*Work task:*
Apart from the pictures, reproduce the data below exactly as it stands.

[Extracted records]
*** Begin section ***

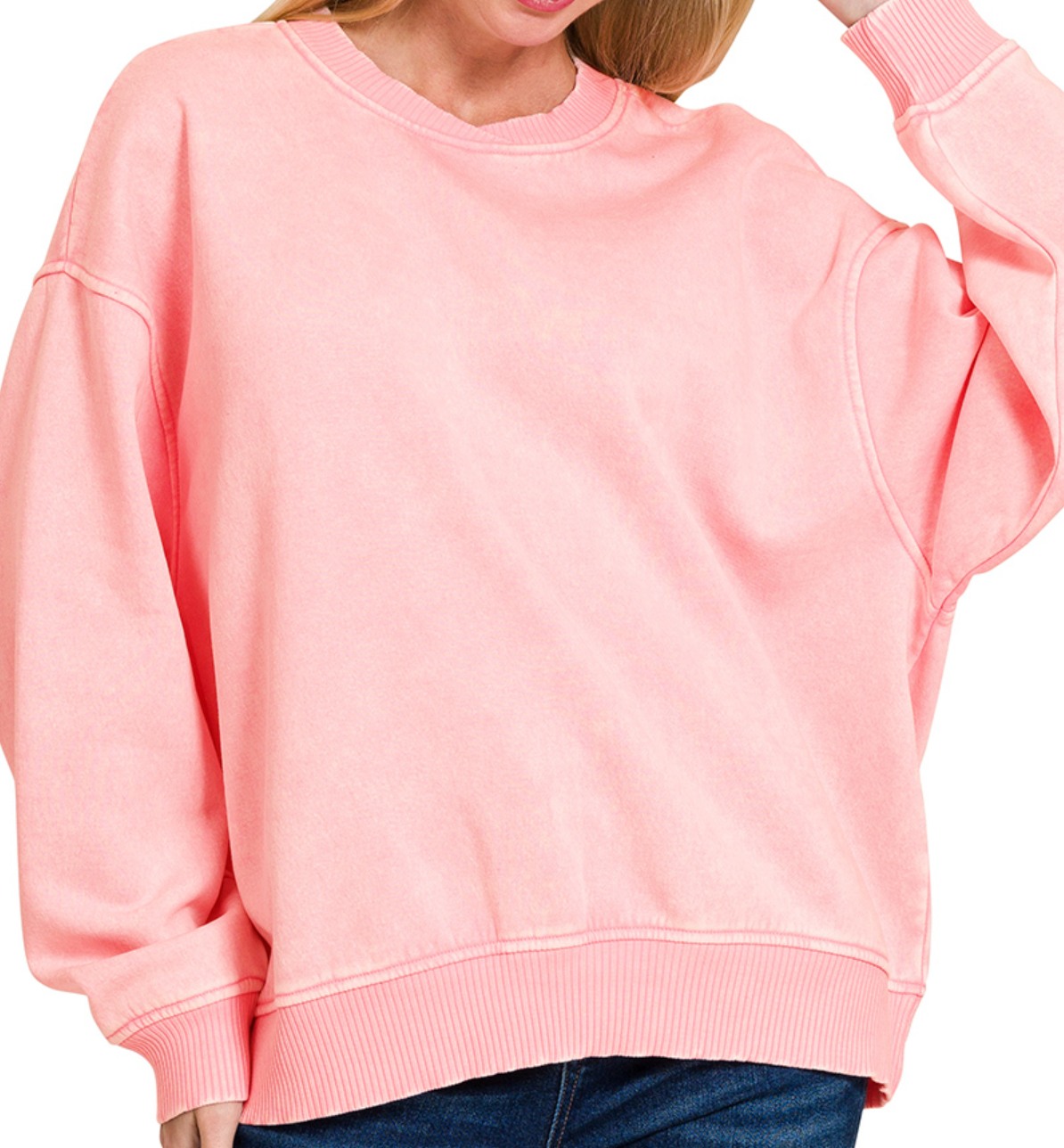 Fit: Crewneck. Drop shoulders. Long sleeves. Contrast ribbing on the neck, cuffs and hem. Super soft. Acid wash coloring. Oversized.
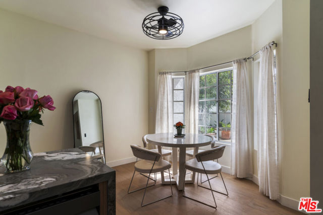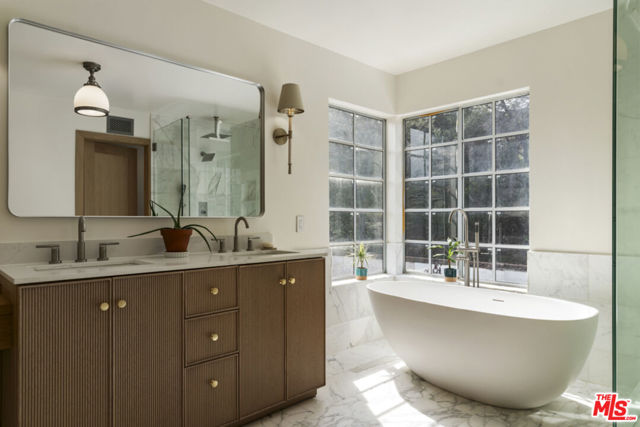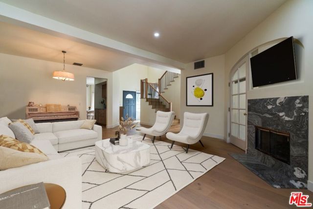Stop searching. Call your moving company. It's time to submit your offer. This completely renovated North Ranch townhome in the Braemar community of Westlake Village offers 2,057 square feet, 2 bedrooms, and 3 bathrooms with high-end, thoughtful finishes throughout. Flooded with natural light, the home is complemented by soaring ceilings and oversized windows that create volume and openness from the moment you enter. A dramatic two-story entry showcases a Timothy Oulton Frozen Ring pendant suspended above the staircase, establishing a striking architectural focal point. White oak floors flow seamlessly across both levels, paired with custom white oak cabinetry and matching stair detailing for a cohesive, intentional design. The powder room is finished with limestone tile, an onyx sink, and curated fixtures. The kitchen balances form and function with marble countertops, a waterfall stone peninsula, GE and Samsung appliances, and a farmhouse sink. The main living area centers around a statement marble fireplace and opens through French doors to a private landscaped patio designed for effortless indoor-outdoor living. Upstairs, a versatile flex space offers room for a home office, gym, or secondary lounge. The primary suite delivers a spa-level experience with Calacatta marble floors and walls, a freestanding soaking tub framed by oversized windows, a glass-enclosed shower, and a custom vanity. The guest suite is complete with its own sitting area and a beautifully finished custom bathroom. Located in North Ranch, minutes from Boccaccio's, The Landing Grill & Sushi Bar, and The Promenade at Westlake with boutique retail and dining. HOA amenities include a community pool, spa, tennis and basketball courts, and a private park.
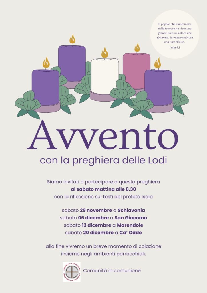 Accogliamo l’invito da parte delle parrocchie di San Giacomo, Marendole, Schiavonia, Ca’ Oddo a partecipare alle Lodi mattutine nei sabati di Avvento (ore 8:30), accompagnate da un breve commento al Libro di Isaia a cura del parroco don Alessandro. Qui di seguito tutte le info.
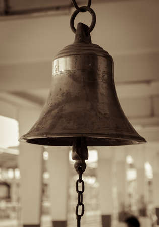 Brass bell in railroad station
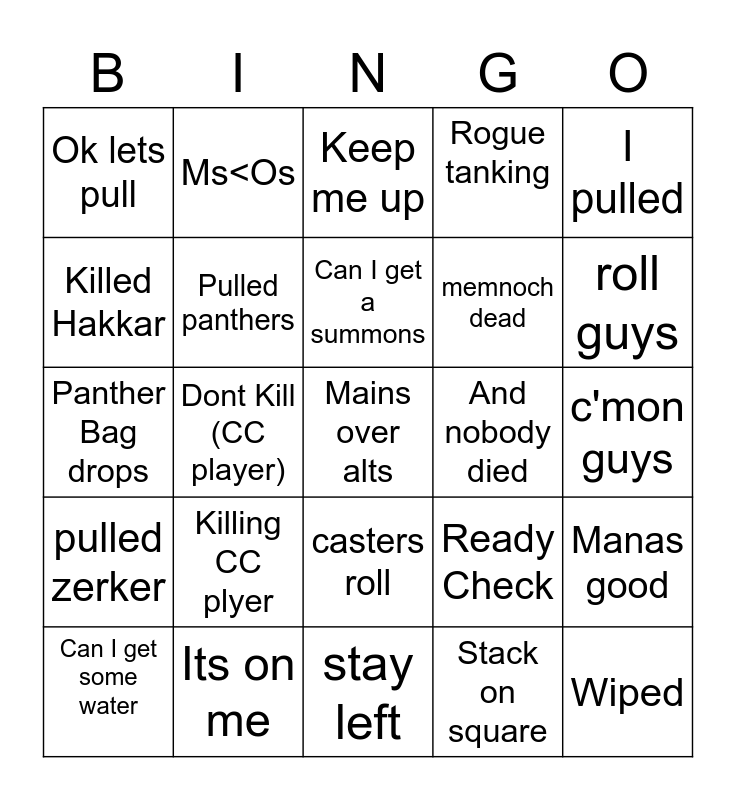 This bingo card has 30 words: Its on me, Drop ignite, Dont Kill (CC player), I fell, Ok lets pull, Keep me up, Pulled panthers, casters roll, And nobody died, stay left, c'mon guys, Mains over alts, Stack on square, Wiped, roll guys, Tiger/Raptor Drops, Ready Check, pulled zerker, Killing CC plyer, I pulled, Panther Bag drops, Taunted, Ms<Os, memnoch dead, Killed Hakkar, Rogue tanking, Manas good, Can I get some water, Can I get a summons and Thats Bis Bro.
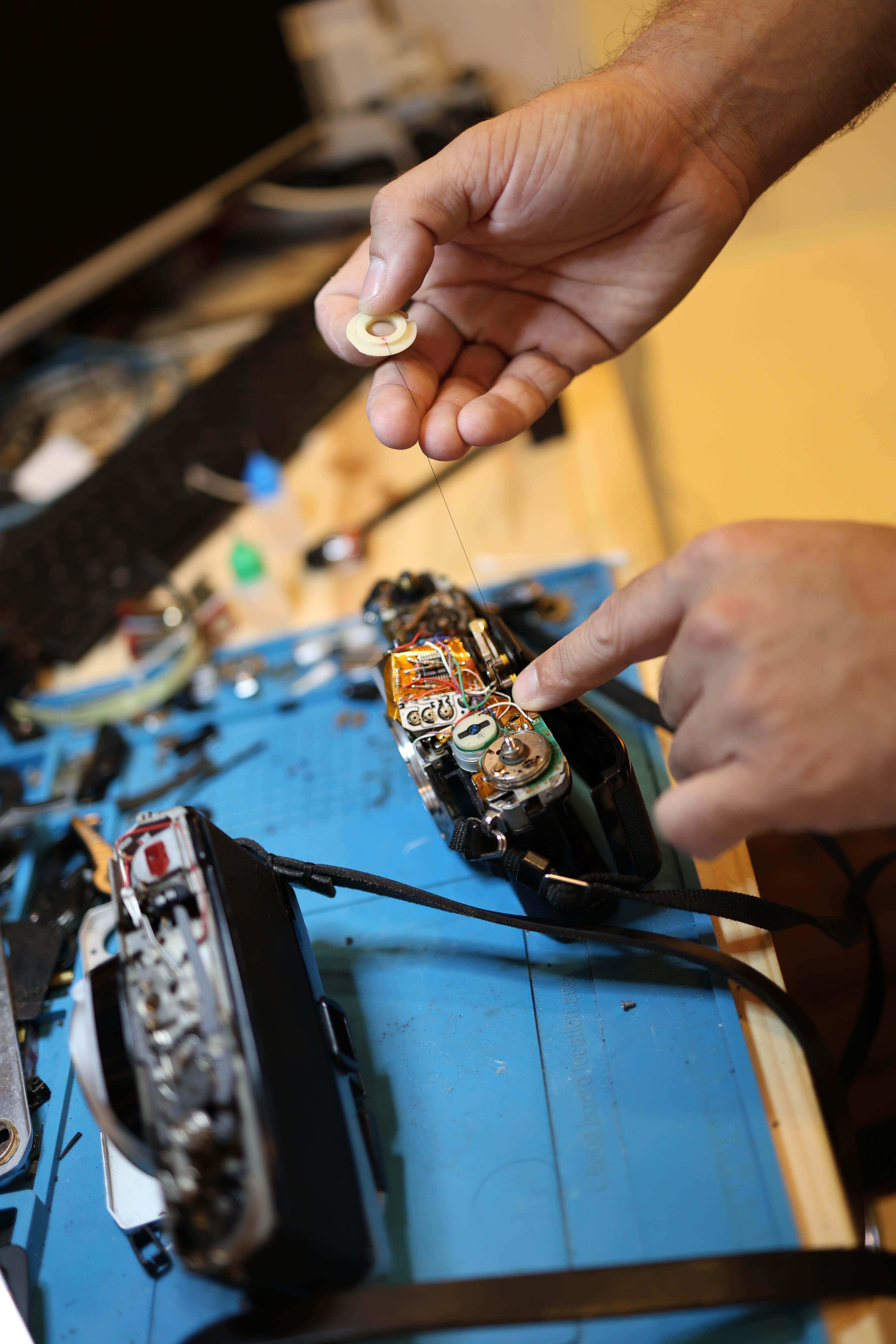 Clément Lacombe in the process of repairing a camera. © Rebecca Zissmann

*** End section ***

*Answer to this problem:*
 Fit: Crewneck. Drop shoulders. Long sleeves. Contrast ribbing on the neck, cuffs and hem. Super soft. Acid wash coloring. Oversized.
Stop searching. Call your moving company. It's time to submit your offer. This completely renovated North Ranch townhome in the Braemar community of Westlake Village offers 2,057 square feet, 2 bedrooms, and 3 bathrooms with high-end, thoughtful finishes throughout. Flooded with natural light, the home is complemented by soaring ceilings and oversized windows that create volume and openness from the moment you enter. A dramatic two-story entry showcases a Timothy Oulton Frozen Ring pendant suspended above the staircase, establishing a striking architectural focal point. White oak floors flow seamlessly across both levels, paired with custom white oak cabinetry and matching stair detailing for a cohesive, intentional design. The powder room is finished with limestone tile, an onyx sink, and curated fixtures. The kitchen balances form and function with marble countertops, a waterfall stone peninsula, GE and Samsung appliances, and a farmhouse sink. The main living area centers around a statement marble fireplace and opens through French doors to a private landscaped patio designed for effortless indoor-outdoor living. Upstairs, a versatile flex space offers room for a home office, gym, or secondary lounge. The primary suite delivers a spa-level experience with Calacatta marble floors and walls, a freestanding soaking tub framed by oversized windows, a glass-enclosed shower, and a custom vanity. The guest suite is complete with its own sitting area and a beautifully finished custom bathroom. Located in North Ranch, minutes from Boccaccio's, The Landing Grill & Sushi Bar, and The Promenade at Westlake with boutique retail and dining. HOA amenities include a community pool, spa, tennis and basketball courts, and a private park.
 Accogliamo l’invito da parte delle parrocchie di San Giacomo, Marendole, Schiavonia, Ca’ Oddo a partecipare alle Lodi mattutine nei sabati di Avvento (ore 8:30), accompagnate da un breve commento al Libro di Isaia a cura del parroco don Alessandro. Qui di seguito tutte le info.
 Brass bell in railroad station
 This bingo card has 30 words: Its on me, Drop ignite, Dont Kill (CC player), I fell, Ok lets pull, Keep me up, Pulled panthers, casters roll, And nobody died, stay left, c'mon guys, Mains over alts, Stack on square, Wiped, roll guys, Tiger/Raptor Drops, Ready Check, pulled zerker, Killing CC plyer, I pulled, Panther Bag drops, Taunted, Ms<Os, memnoch dead, Killed Hakkar, Rogue tanking, Manas good, Can I get some water, Can I get a summons and Thats Bis Bro.
 Clément Lacombe in the process of repairing a camera. © Rebecca Zissmann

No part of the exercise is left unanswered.